» **Your instructions**:
Scan the records that follow, and whenever a line has the word "Gogh", copy it.

Stored data entries
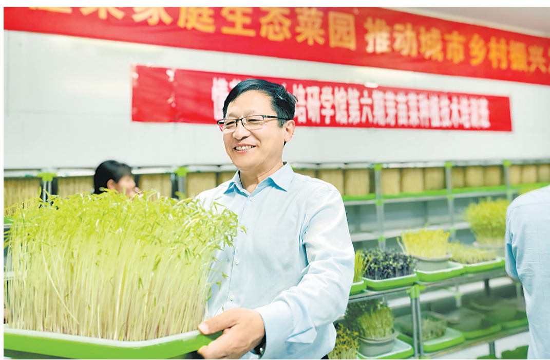
▲5月26日,在河南懂农业科技公司的无土育苗研发基地内,仅靠水和光照生长出来的芽苗菜生长茂盛。据了解,该公司的无土育苗利用立体栽培,占地面积不足半平方米就可以打造一个家庭生态小菜园。

人技结合,严格防控措施。该镇要求各村密切关注天气变化,对可能出现焚烧行为的区域进行重点监控,组织镇村干部及网格员深入田间地头,对所在网格内的秸秆禁烧情况重点巡查。同时,该镇充分发挥“蓝天卫士”监控平台作用,实行技防人防相结合,确保秸秆禁烧工作全覆盖、无死角。
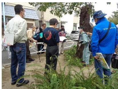
<現地調査会の様子> (九品仏川緑道)

基本的な方針として、樹勢が健全な桜についてはそのまま保全育成し、倒木の危険や枯損を生じた桜については、計画に従い順次植替えを行っていきます。
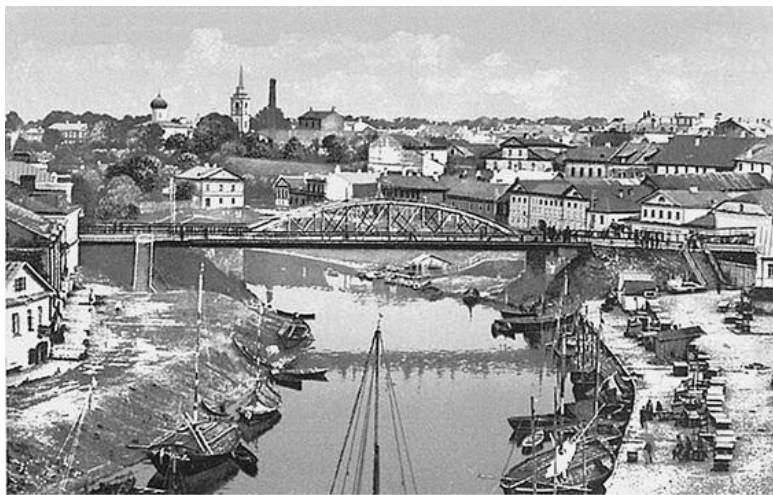
Псков в начале XX в.

Революционные настроения псковичей усилились в период 1-й мировой войны (1914–1918). В конце 1916 г. фронт от Пскова находился в 300 км. В Пскове был размещен штаб Северного фронта. Здесь находилось управление главного начальника снабжения с большим количеством отделов, госпитали, другие армейские учреждения, нужные для фронта мастерские, полевые хлебопекарни, обозное имущество и т. п. В Пскове формировались роты и полки, в состав которых входили выписавшиеся из госпиталей солдаты. В начале 1917 г. псковский гарнизон насчитывал около 30 тыс. солдат. В дни Февральской буржуазной революции 1917 г. Псков
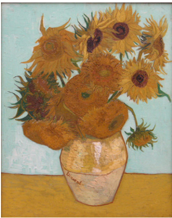
Vincent van Gogh

Als Vorlage benutzt Sie Fotos oder Gemälde. Das Vorbild hier ist vom berühmten Künstler Vincent van Gogh.
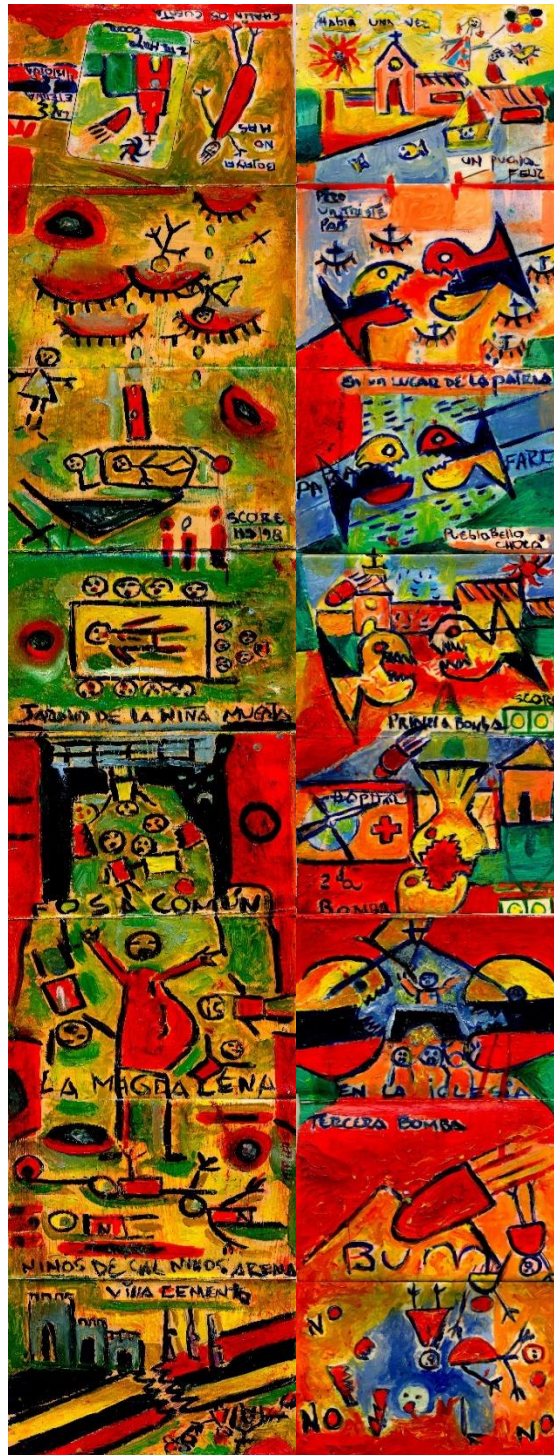
BOJAYA NO MAS OBRA GRAFICA DIPTICO 50X 175 CENTIMETROS CASA MARA SEDE CULTURAL URABA COLOMBIA 2012.
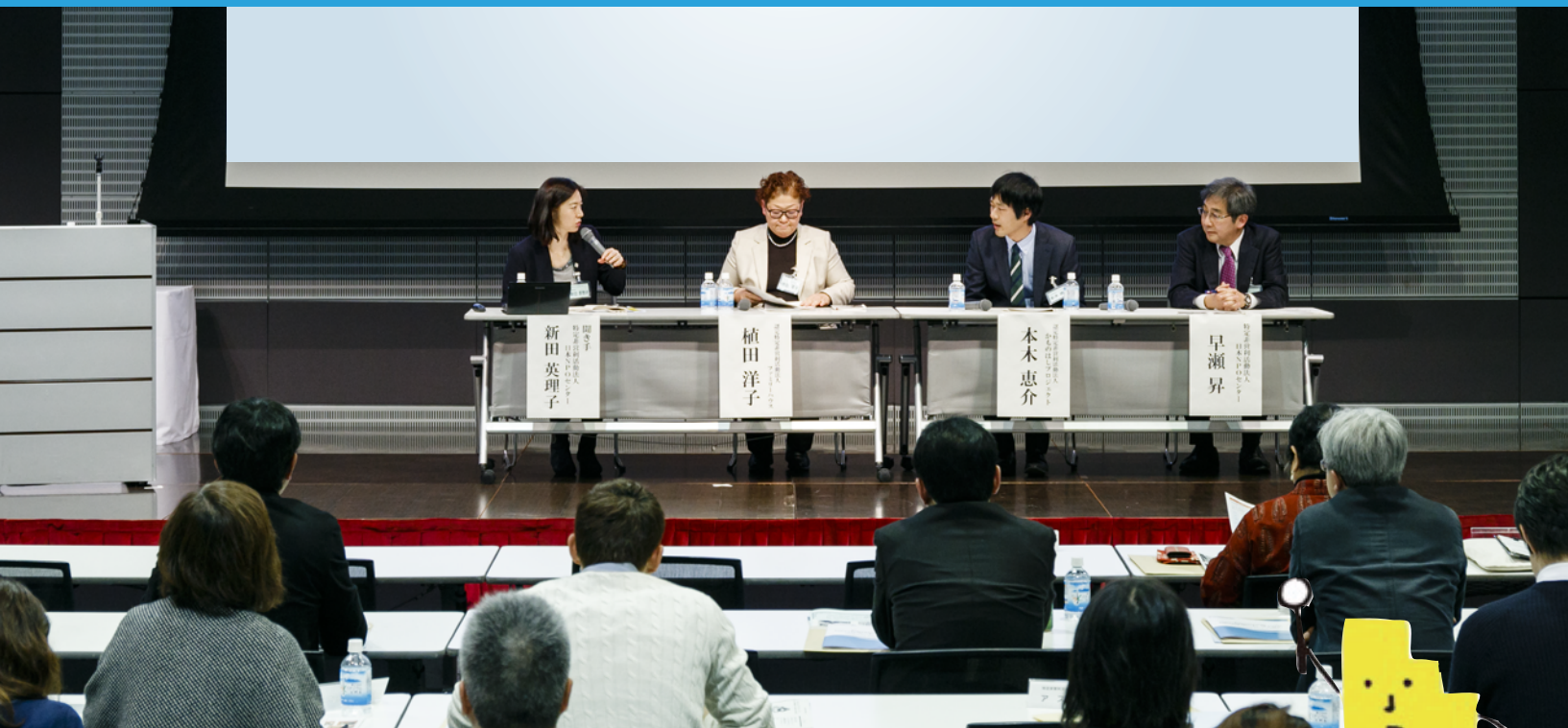
※ 2017年1月の組織基盤強化フォーラムの様子
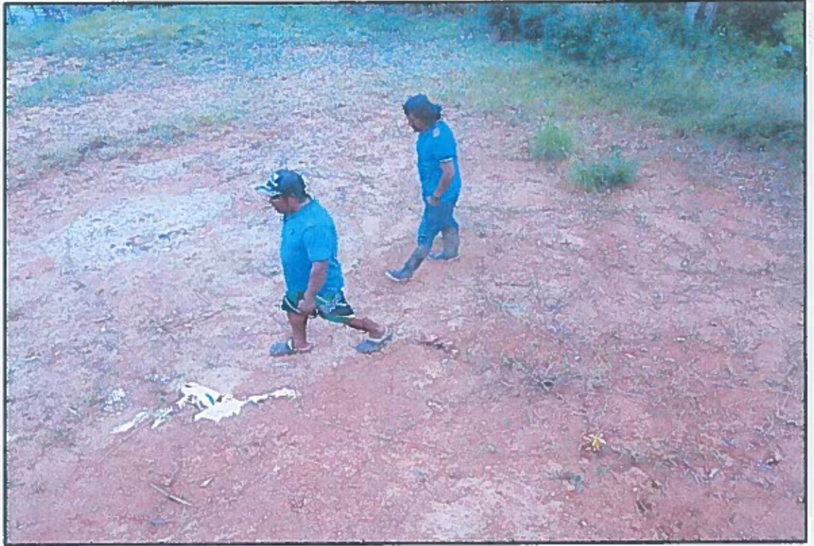
TERRENO FRENTE A LA ESCUELA
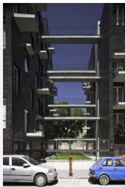
2009 Kis Péter Építésmuterte, Ungheria
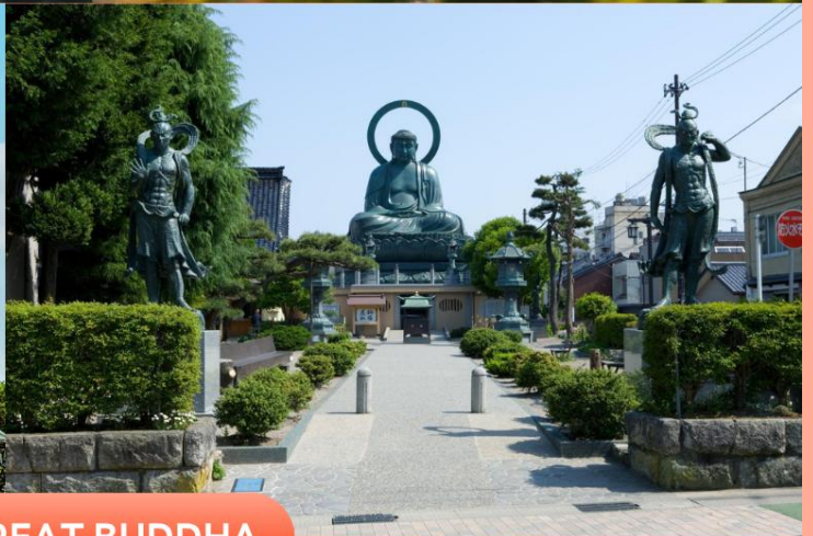
TAKAOKA GREAT BUDDHA
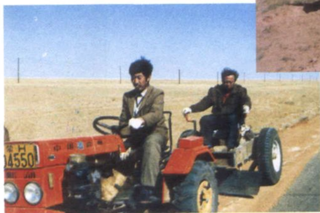
◀ 养路工人进行路肩养护生产作业
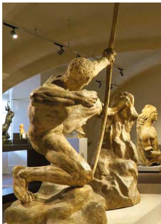
Emile-Antoine BOURDELLE Montauban, 1861 - Le Vésinet, 1929 Héraklès Archer, 1909 Plâtre patiné brun clair

Fiche pédagogique : museeingresbourdelle.com/Scolaires
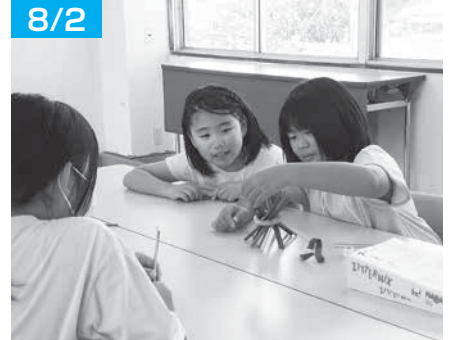
グラグラ棒、倒したら負けだよ

» **Answer**:
Vincent van Gogh
Als Vorlage benutzt Sie Fotos oder Gemälde. Das Vorbild hier ist vom berühmten Künstler Vincent van Gogh.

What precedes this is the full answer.